The CPG says that “generally, FDA will defer to state authorities regarding the day-to-day regulation of compounding by veterinarians and pharmacists of animal and human drugs that are intended for use in animals.” However, the legal line becomes clearer if a pharmacy is compounding a drug that is a copy of an FDA-approved drug. In that case, the compounding pharmacy may be violating the law.

“We typically do not compound or copy a commercially available product. If something is commercially available in a certain strength, that is not a standard practice that compounding pharmacies will engage in,” Levesque said. “But we are allowed to tailor them into a different form or flavor.”

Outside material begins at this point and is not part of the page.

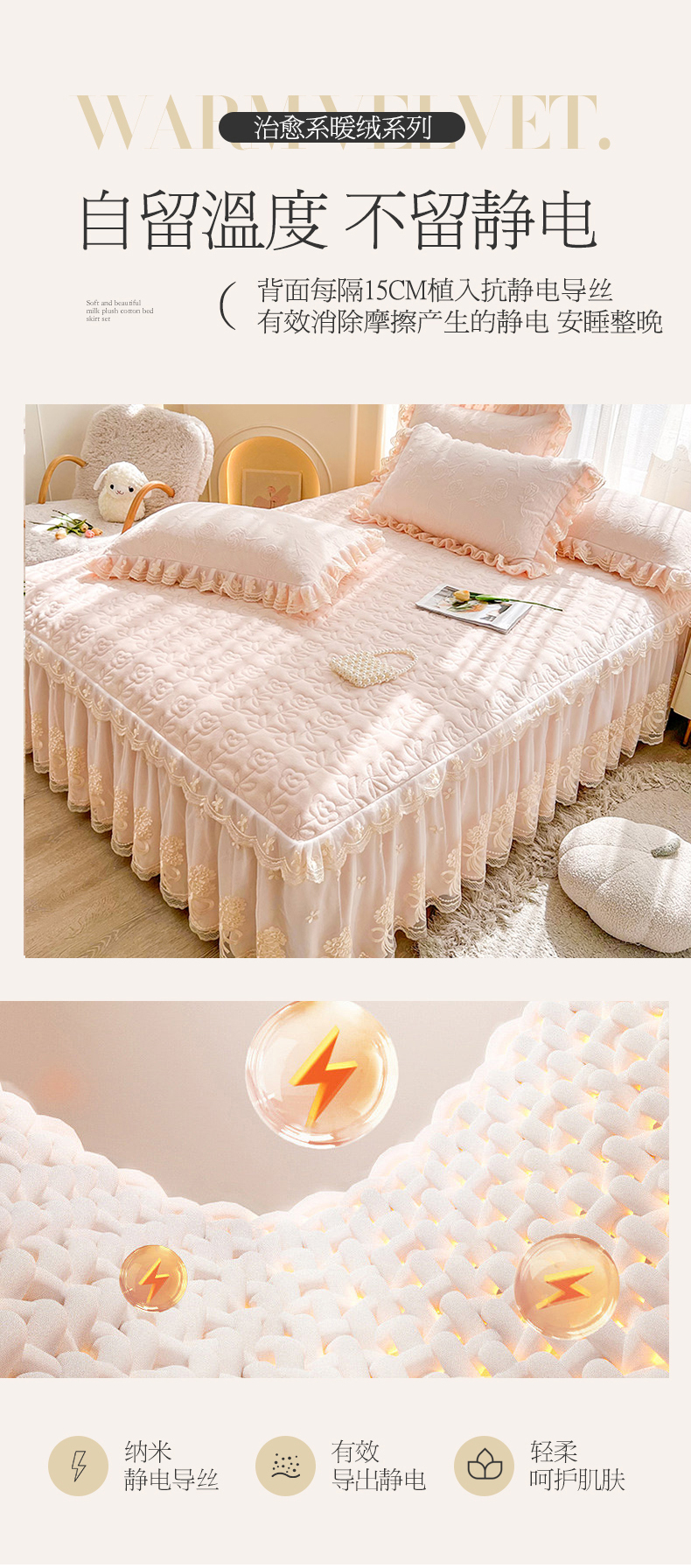 (总)虹星家纺 2025新款花边牛奶绒床裙三件套系列,蝶恋-粉玉,蝶恋-抹茶绿,蝶恋-奶茶色,蝶恋-葡萄紫,蝶恋-天空蓝
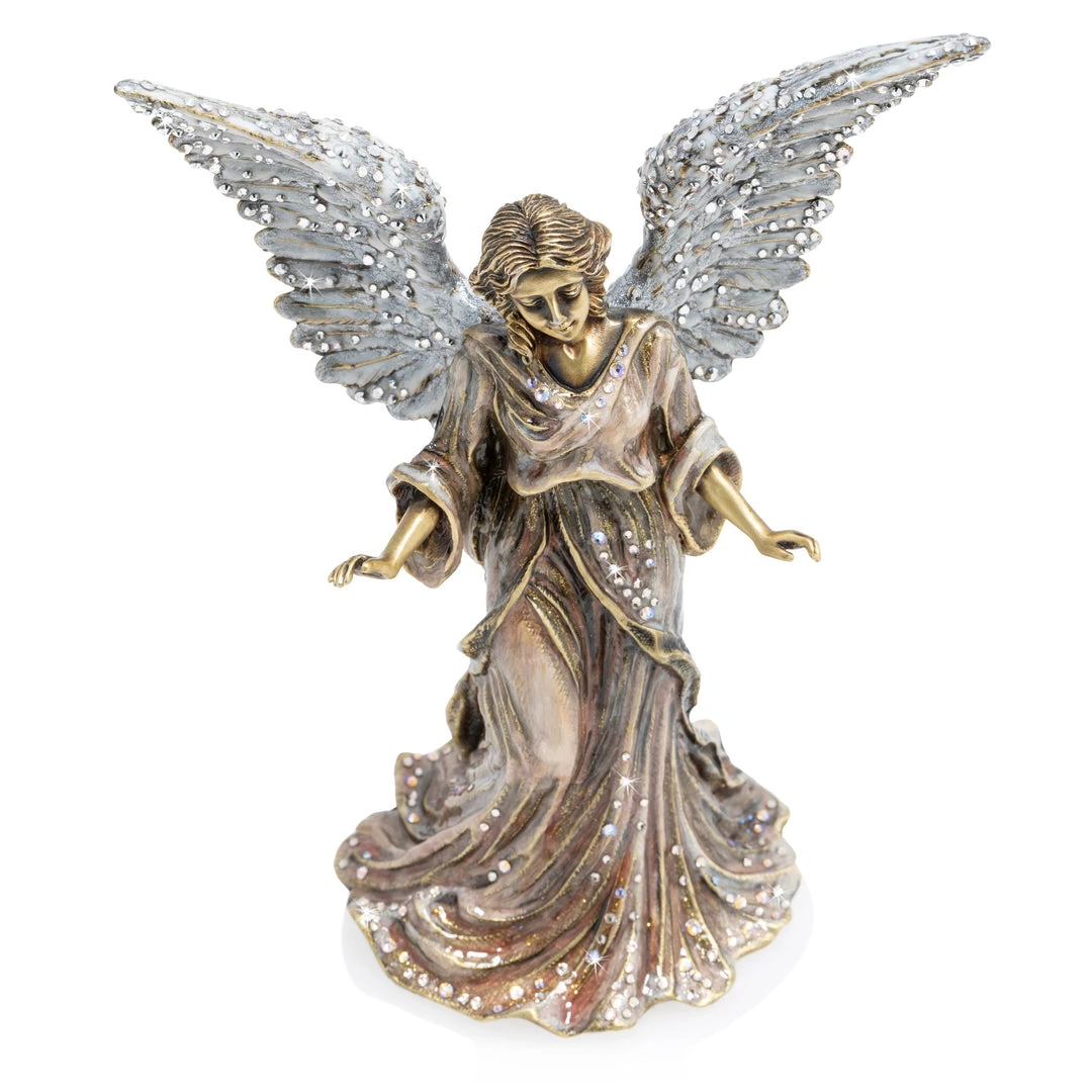 Glorious icons exemplify the best of Jay Strongwater. Our Angel Figurine is covered in flowing robes in hues of gold, silver and flora orange. Adorned with Swarovski® crystals, bringing a little sparkle and joy to your home this holiday season.

The Pharmaceutical Compounding Accreditation Board (PCAB) accredits compounders who apply for accreditation and comply with certain standards. Currently about 75 pharmacies are accredited with another 85 in the accreditation process. Franck’s is not currently listed as a PCAB-accredited pharmacy.

The FDA investigated Franck’s in 2004 and issued a warning letter alerting the pharmacy that it had committed violations, including compounding copies of existing drugs and compounding outside of a valid veterinarian-client-patient relationship. The agency investigated Franck’s again after the polo horse deaths and said it told the pharmacy that it was still in violation of the law.

“FDA investigators informed Defendants of their continuing violation during the December 2009 inspection, to which Defendant Paul W. Franck responded that he understood that under FDA’s interpretation of the law, Defendants’ activities are illegal, but disagreed with that interpretation,” the injunction complaint reads.